*** Opening of RECORDS SUPPLIED ***

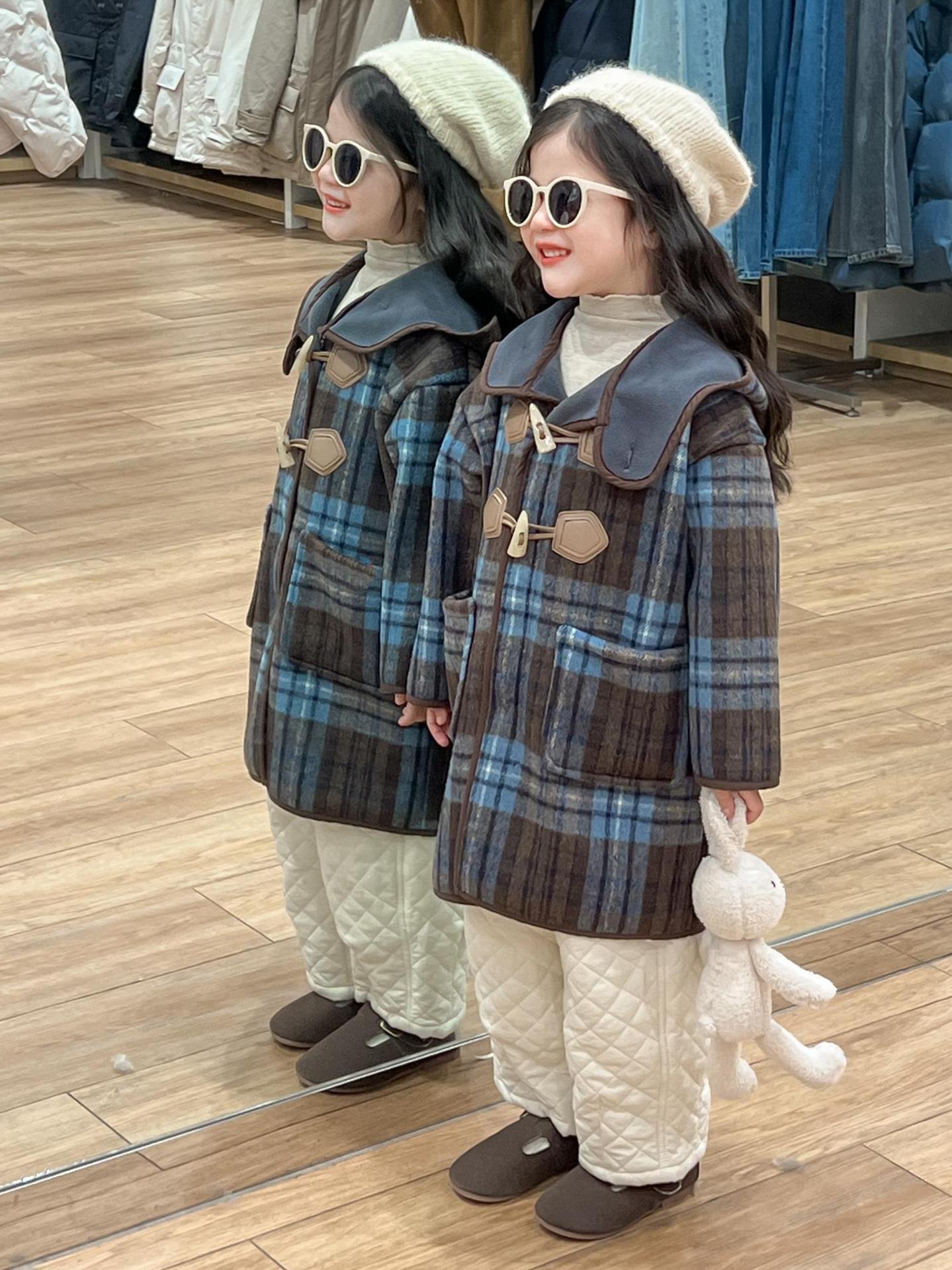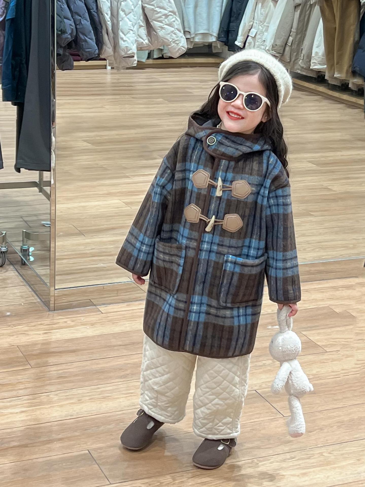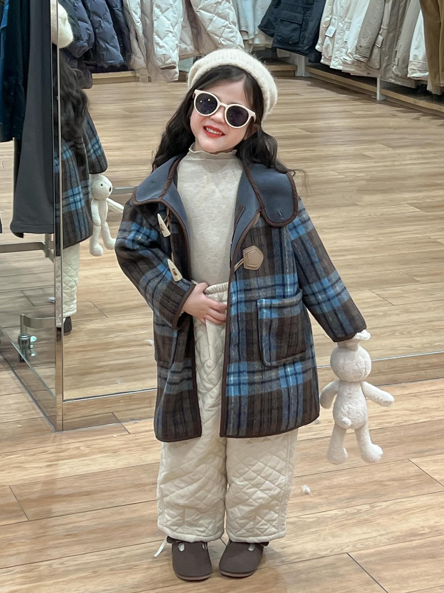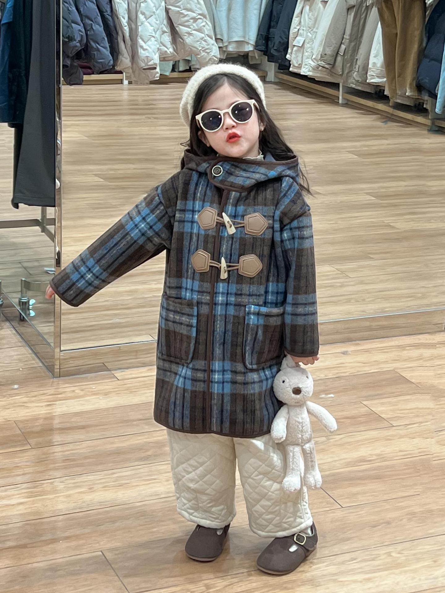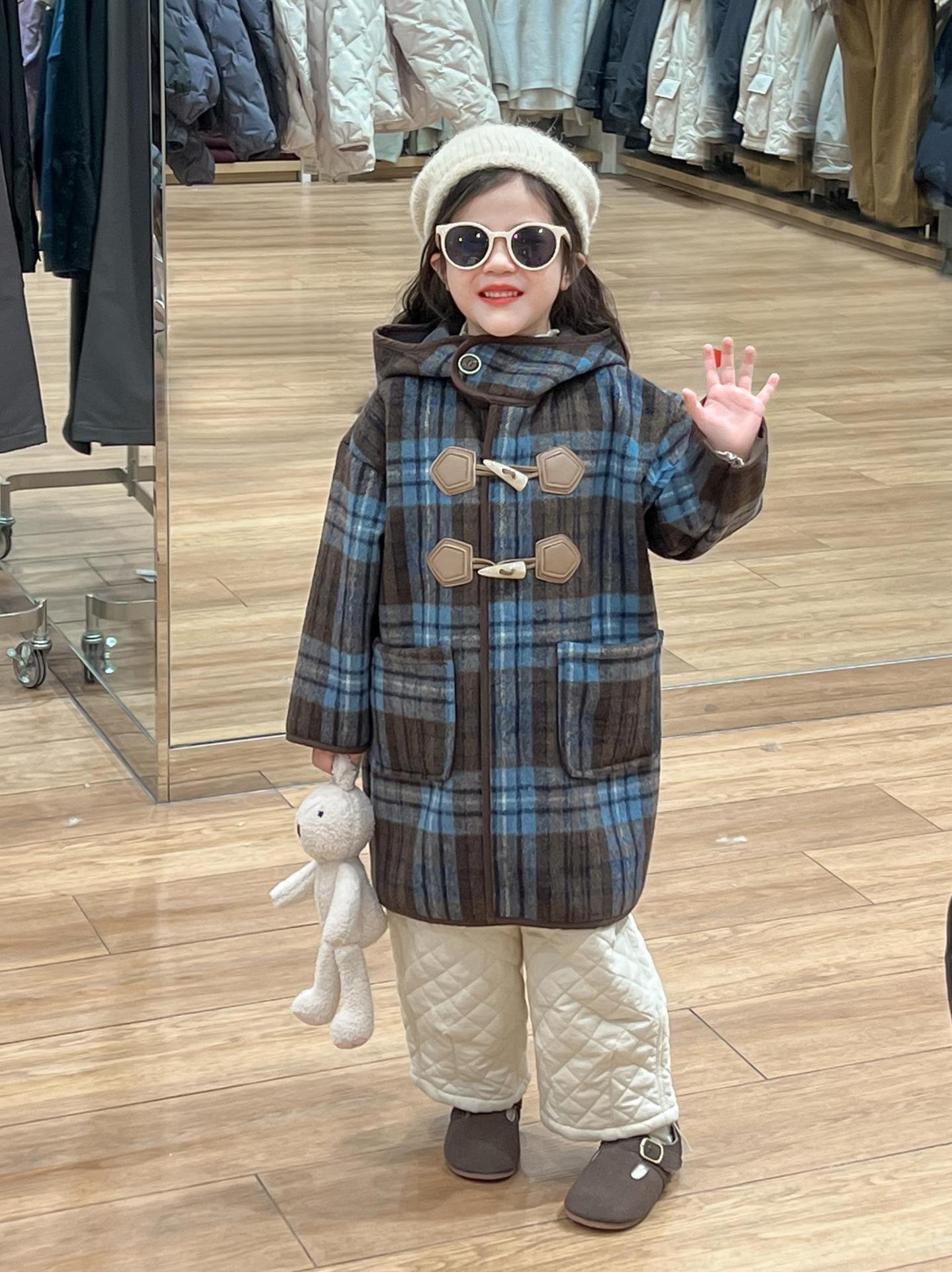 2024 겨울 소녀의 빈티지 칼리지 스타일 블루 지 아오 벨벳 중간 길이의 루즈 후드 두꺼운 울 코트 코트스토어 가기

*** Close of RECORDS SUPPLIED ***
*** Opening of RECORDS SUPPLIED ***

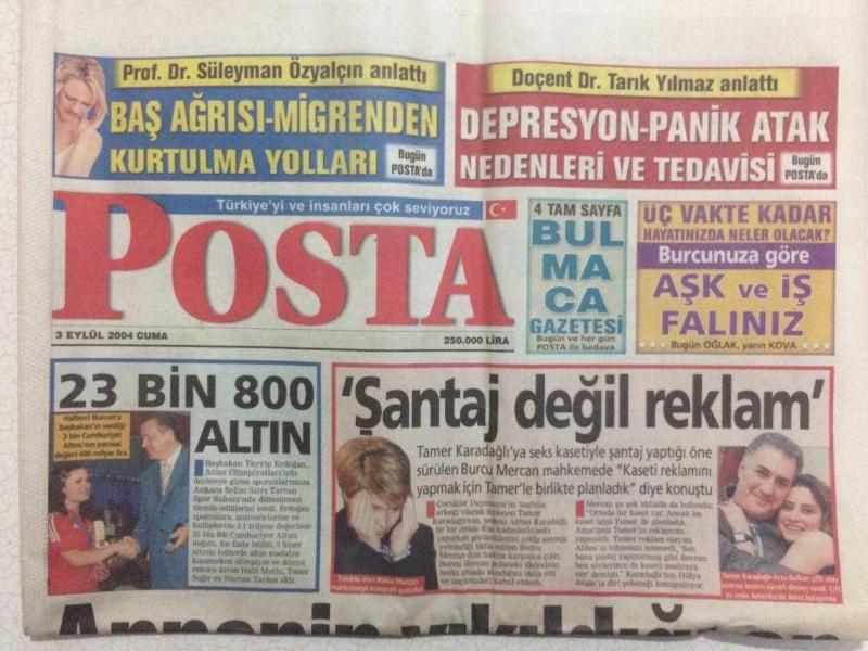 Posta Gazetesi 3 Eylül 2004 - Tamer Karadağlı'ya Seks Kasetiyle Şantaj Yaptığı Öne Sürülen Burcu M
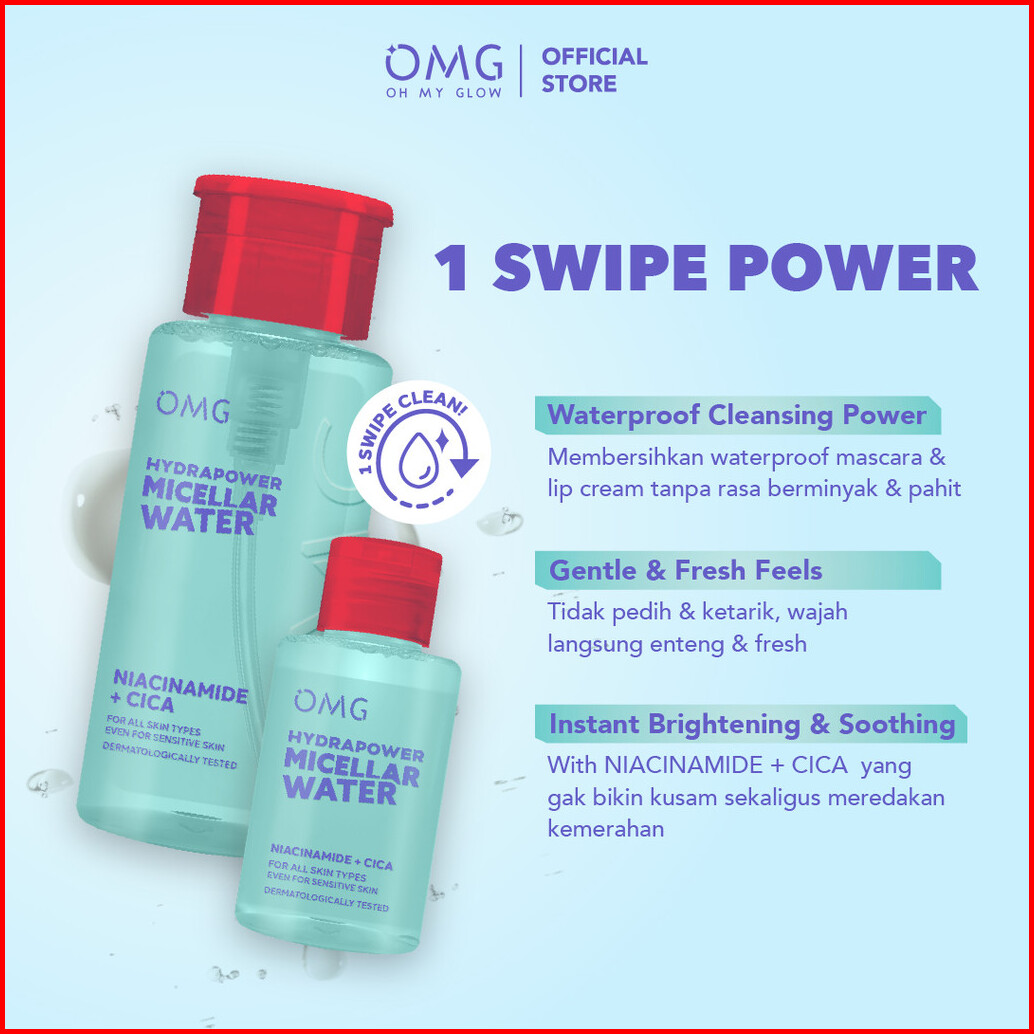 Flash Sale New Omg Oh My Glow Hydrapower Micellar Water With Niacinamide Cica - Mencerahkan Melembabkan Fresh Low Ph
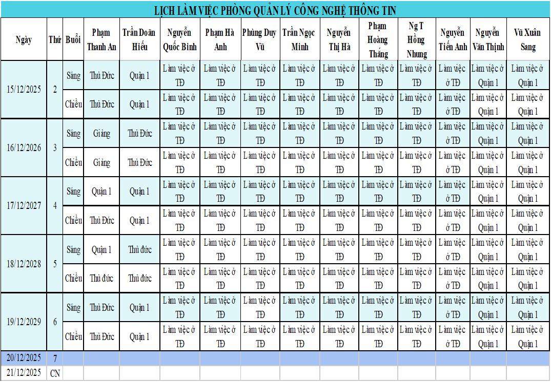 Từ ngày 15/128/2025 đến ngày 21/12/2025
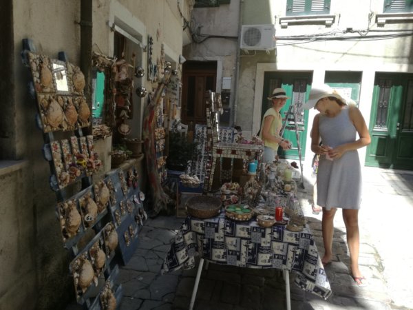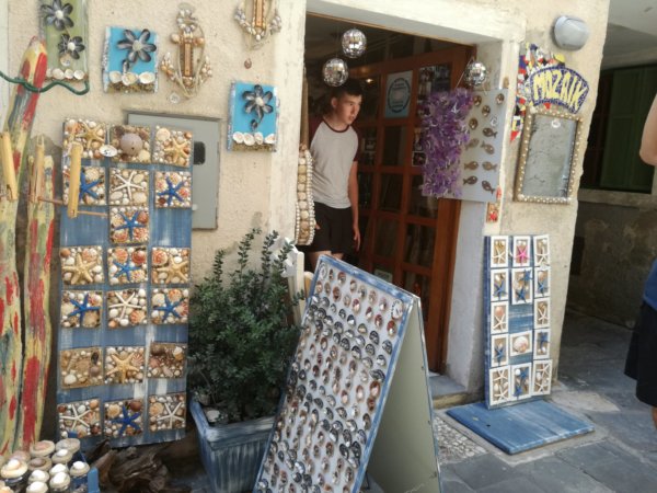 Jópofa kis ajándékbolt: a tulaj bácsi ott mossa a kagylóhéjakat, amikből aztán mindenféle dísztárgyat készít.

*** Close of RECORDS SUPPLIED ***
*** Opening of RECORDS SUPPLIED ***

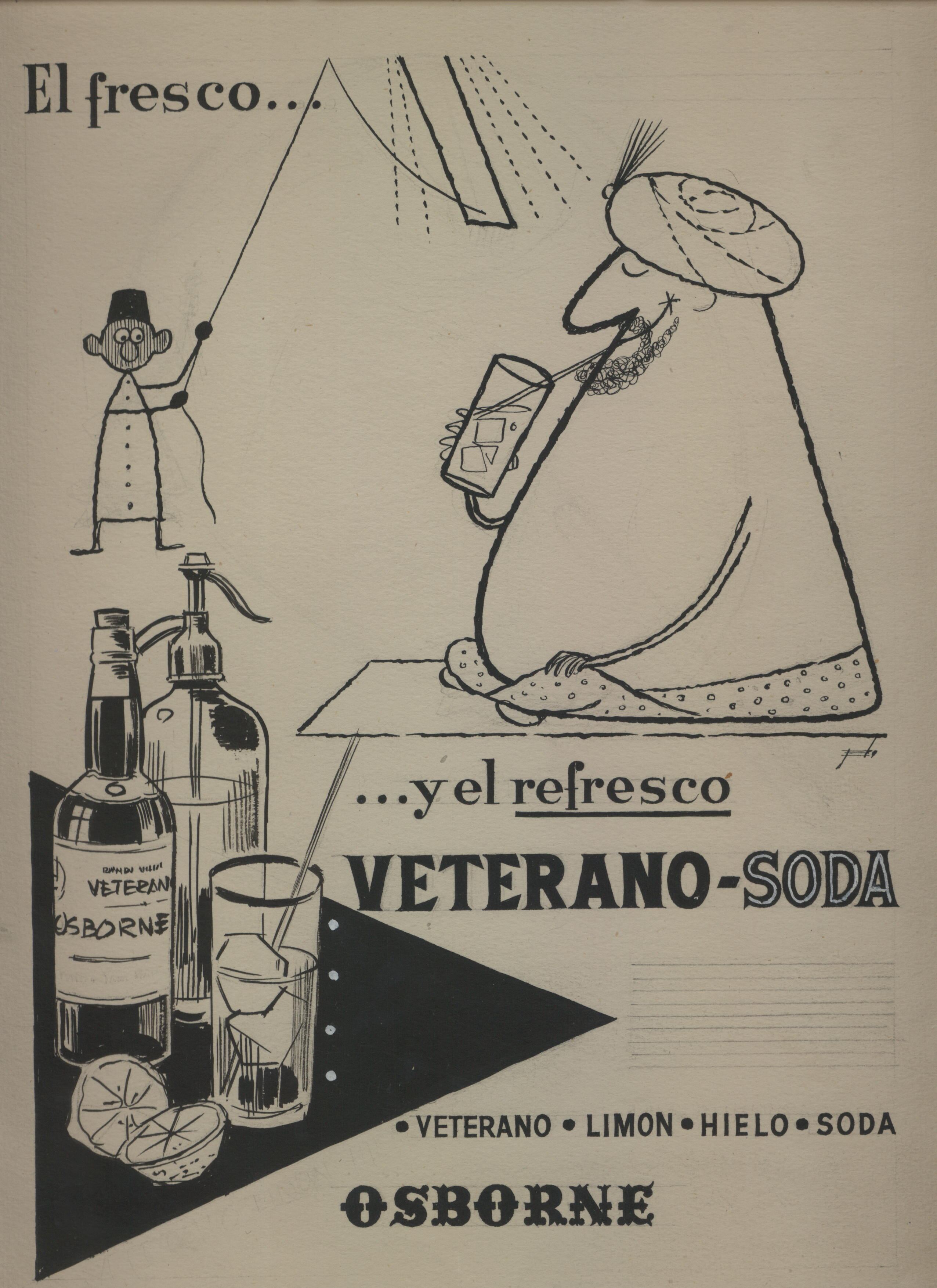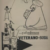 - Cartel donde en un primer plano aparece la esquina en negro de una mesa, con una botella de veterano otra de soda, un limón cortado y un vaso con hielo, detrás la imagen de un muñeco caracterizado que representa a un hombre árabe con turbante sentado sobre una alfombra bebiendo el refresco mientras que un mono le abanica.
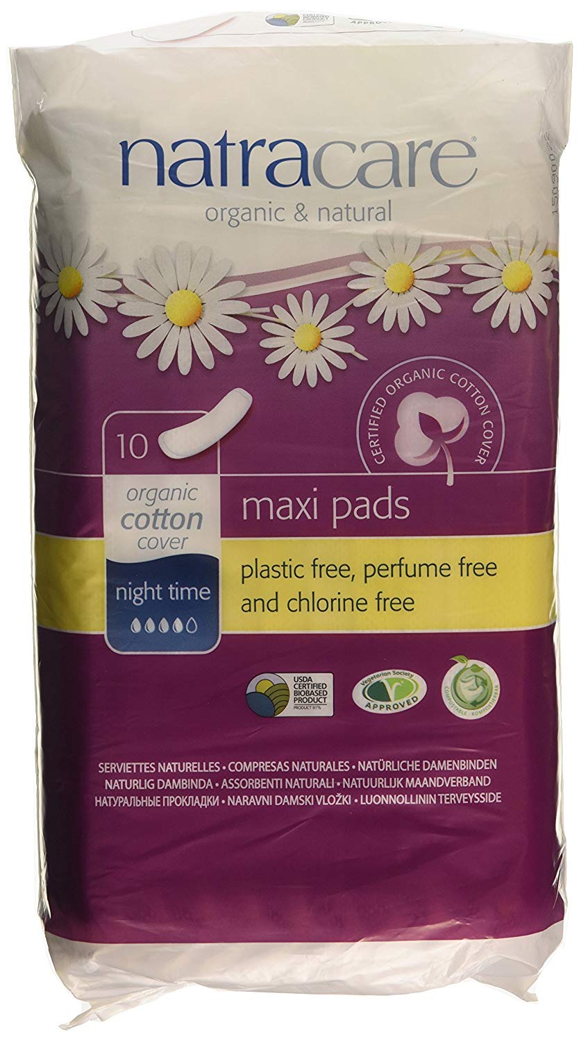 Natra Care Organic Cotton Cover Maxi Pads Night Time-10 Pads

*** Close of RECORDS SUPPLIED ***

__EXERCISE DIRECTIONS__. Write out exactly the run of lines above that starts at the line containing "- Cartel donde" and ends at the line containing "Natra Care Organic". Include both, and leave the pictures out.

__SOLUTION TO THE EXERCISE__.
 - Cartel donde en un primer plano aparece la esquina en negro de una mesa, con una botella de veterano otra de soda, un limón cortado y un vaso con hielo, detrás la imagen de un muñeco caracterizado que representa a un hombre árabe con turbante sentado sobre una alfombra bebiendo el refresco mientras que un mono le abanica.
 Natra Care Organic Cotton Cover Maxi Pads Night Time-10 Pads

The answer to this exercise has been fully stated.